Because HPV infection is associated with genital and oral cancers, anti-HPV vaccines are currently in development as a means of reducing oncogenesis (see Reuters Health reports, January 16 and August 12, 2003). Epidemiology of the virus "should be resolved to determine at what age or time in one's sexual experience it is best to vaccinate against HPV," Dr. Elaine M. Smith and colleagues note in their report in the January issue of Sexually Transmitted Diseases.

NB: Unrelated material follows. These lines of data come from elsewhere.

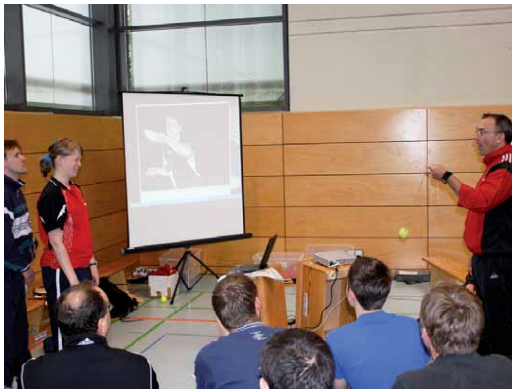
Seminare und Vorträge mit Fallbeispielen stehen bei den sportpraktischen Themen im Hörsaal und der Sporthalle im Mittelpunkt.

Das Thema Sozialkompetenz (im englischen Wortgebrauch auch soft skills genannt) ist gerade im Verein ein ganz bedeutendes. Denn mit sozialer Kompetenz werden die persönlichen Fähigkeiten und Einstellungen umschrieben die dazu beitragen, individuelle Handlungsziele mit den Einstellungen und Werten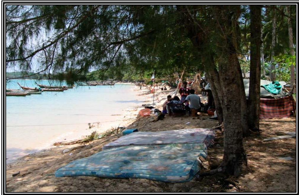
ชาวเลที่อาศัยหาดราไวย์เป็นที่พัก เดือนมกราคม 2545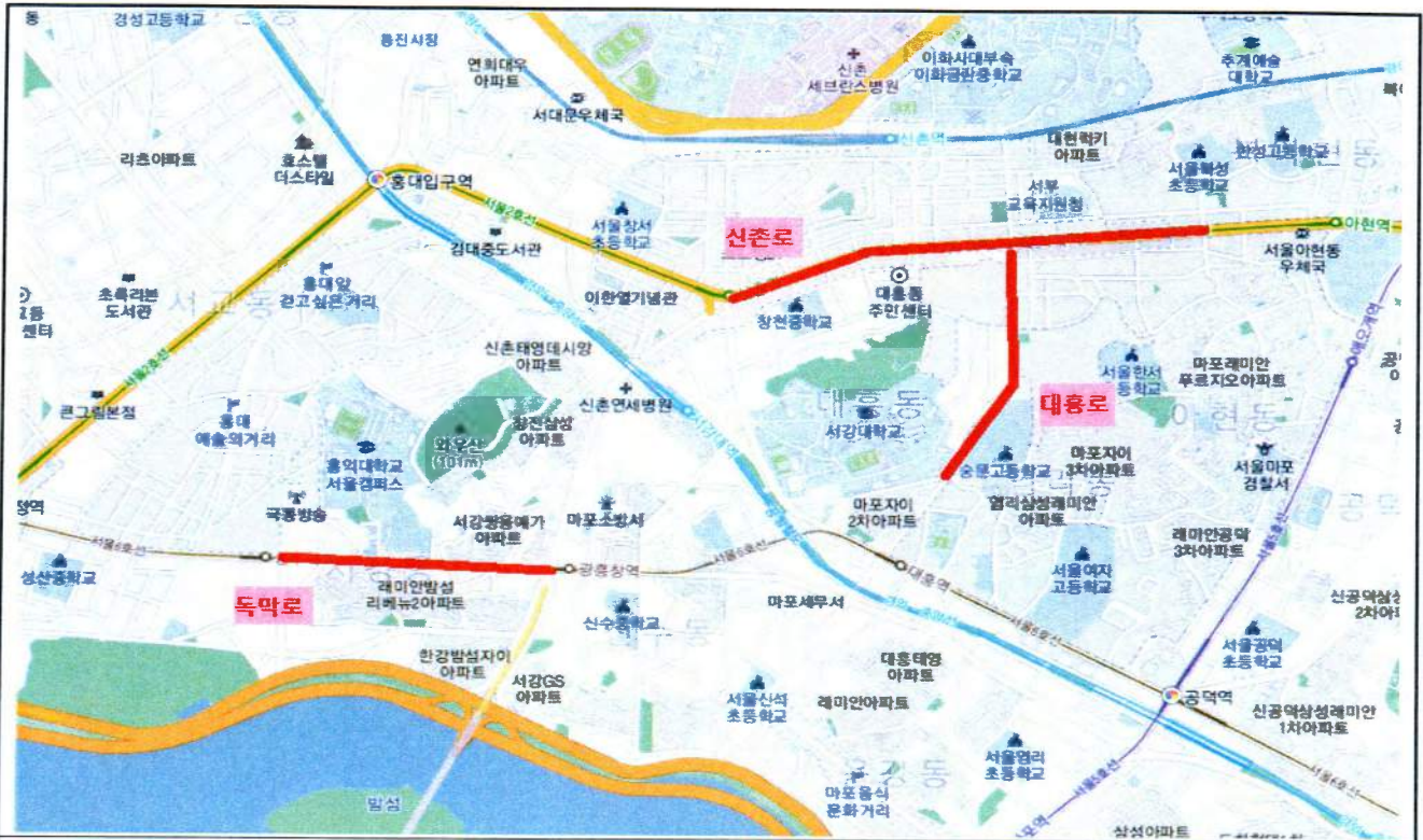
위 치 도

The authors collected cervical swabs from 574 women late in gestation and immediately before delivery. The mothers and 68 fathers also provided oral specimens. Infants' mouths and genitals were swabbed at a mean of 65 hours after birth.
HPV infection was documented in the cervix of 29% of the woman and in the oral cavity in 2.4%. Oral infections were detected in 6% of fathers, but none of these men had an infant who was HPV-positive. The detection rate in newborns was 1.6%. The HPV detection rate was similar in the 500 babies born vaginally and the 74 delivered by cesarean section.
Only six mother/infant pairs were infected, and only one pair was concordant according to results of polymerase chain reaction and DNA sequencing, yielding a type-specific concordance rate of 0.2%. The three HPV-positive children retested at follow-up 3 months later were all found to be negative, suggesting that the initial presence have been be due to contamination rather than true infection.
In an editorial response, Dr. Laura A. Koutsky and Rachel L. Winer, with the University of Washington in Seattle, suggest that the source of newborn HPV could be equipment used during or after delivery or through casual digital contact with hospital staff or visitors.
"Parents should be reassured that while HPV is commonly detected in pregnant women, detection of HPV in newborns is rare and does not appear to be associated with persistent infection," they write.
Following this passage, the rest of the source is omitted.